For this exercise, repeat the whole listing below exactly. Leave the pictures out.

_Data shown_.
__________________________________________________

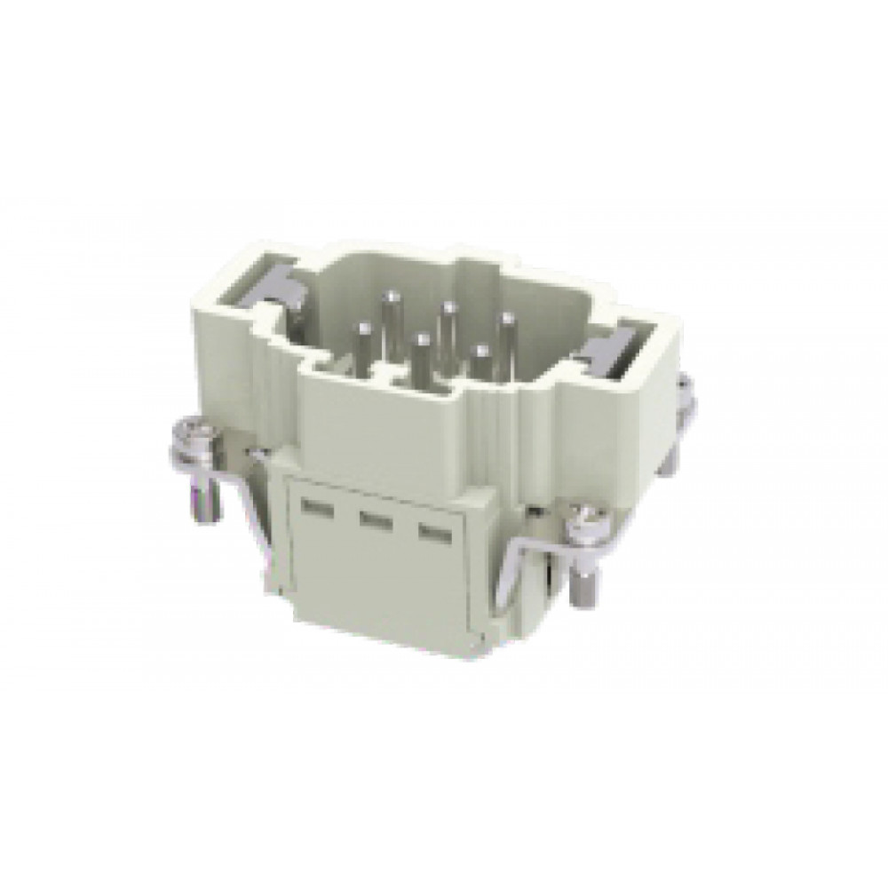 Вилочная контактная вставка DE-006-MP, Вилочная контактная вставка, Push-in фиксация, 6 полюсов + PE, типоразмер 6B, 500V, 16A, сечение обслуживаемых проводников 0,5-2,5 мм кв, тип покрытия контактов: серебро
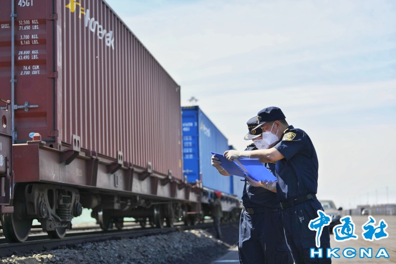 •   中國駐德國大使館經商處公使翟謙當地時間3日說,去年中歐貨物貿易額高達7830億美元,中歐雙向投資存量超過2500億美元。圖為海關工作人員核對列車裝載的貨物。 香港中通社圖片
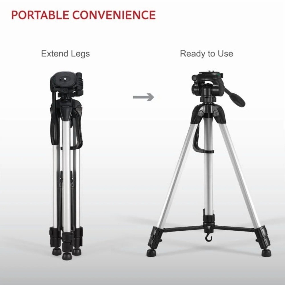 62 Inch Camera Tripod with Pan Tilt Head Quick Release Plate and Non-Slip Rubber
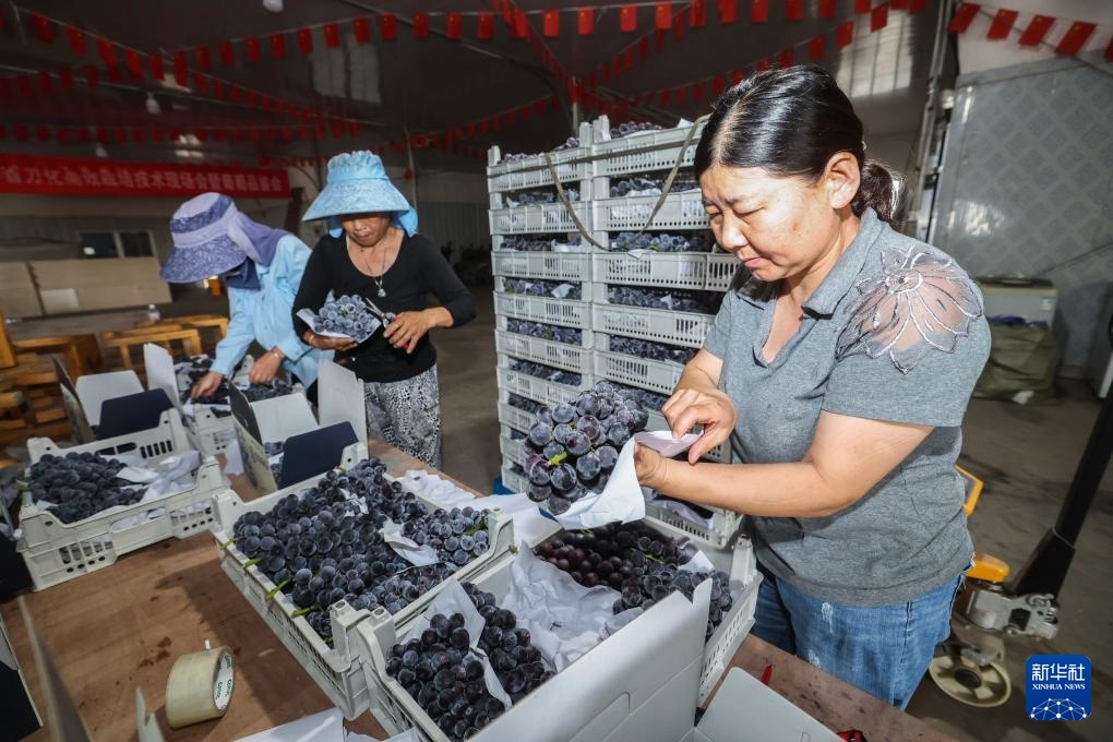 6月25日,在慈溪市坎墩街道农创园的慈溪市绿琴果蔬农场内,工作人员将采收的葡萄分拣、装盒。

__________________________________________________

_Solution for this task_.
 Вилочная контактная вставка DE-006-MP, Вилочная контактная вставка, Push-in фиксация, 6 полюсов + PE, типоразмер 6B, 500V, 16A, сечение обслуживаемых проводников 0,5-2,5 мм кв, тип покрытия контактов: серебро
 •   中國駐德國大使館經商處公使翟謙當地時間3日說,去年中歐貨物貿易額高達7830億美元,中歐雙向投資存量超過2500億美元。圖為海關工作人員核對列車裝載的貨物。 香港中通社圖片
 62 Inch Camera Tripod with Pan Tilt Head Quick Release Plate and Non-Slip Rubber
 6月25日,在慈溪市坎墩街道农创园的慈溪市绿琴果蔬农场内,工作人员将采收的葡萄分拣、装盒。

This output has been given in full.